Is A at (3,0) and B at (7,6) ?

if so then the center is halfway between.
Xc = (3+7)/2 = 5
Yc = (0+6)/3 = 3
so of form
(x - 5)^2 + (y - 3)^2 = r^2
but r is half the length of AB
AB^2 = 4^2 + 6^2 = 16+36 = 52
AB = 7.21
(1/2) AB = r = 3.61
r^2 = 13
so in the end
(x - 5)^2 + (y - 3)^2 = 13

6 = x + 2

To write the equation of a circle given the diameter, you need to know the coordinates of the endpoints of the diameter. In this case, the endpoints of the diameter are (3,0) and (7,6).

To find the center of the circle, you can find the midpoint of the diameter. The midpoint formula is given by:

Midpoint = ((x1 + x2)/2, (y1 + y2)/2)

Plugging in the coordinates of the endpoints, we get:

Midpoint = ((3 + 7)/2, (0 + 6)/2)
= (5, 3)

So the center of the circle is (5,3).

The radius of the circle can be found by taking half the length of the diameter. The distance formula is given by:

Distance = sqrt((x2 - x1)^2 + (y2 - y1)^2)
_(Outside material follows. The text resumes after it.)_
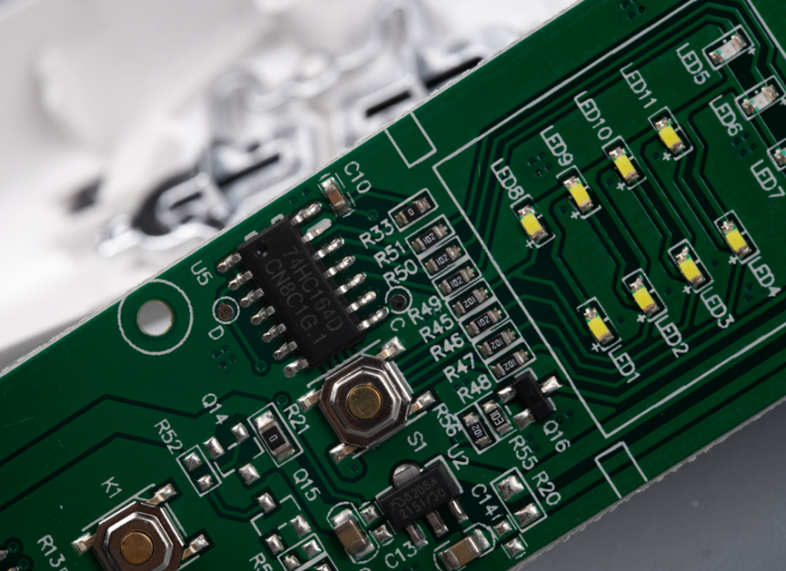 一颗74HC164D用来驱动上面这些LED指示灯,估计这些指示灯是用来指示模式和力度什么的。
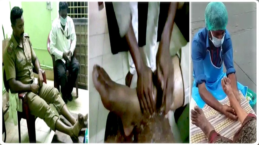 போலீசின் வலி போக்கும் வாலிபர்.. இலவசமாக பாத அழுத்த சிகிச்சை.. புதுச்சேரியில்!

Plugging in the coordinates of the endpoints, we get:

Distance = sqrt((7 - 3)^2 + (6 - 0)^2)
= sqrt(16 + 36)
= sqrt(52)

So the radius of the circle is sqrt(52), which can be simplified to 2sqrt(13).

The equation of a circle with center (h,k) and radius r is given by:

(x-h)^2 + (y-k)^2 = r^2

Plugging in the values, we get:

(x-5)^2 + (y-3)^2 = (2sqrt(13))^2
(x-5)^2 + (y-3)^2 = 52

So the equation of the circle with diameter AB is (x-5)^2 + (y-3)^2 = 52.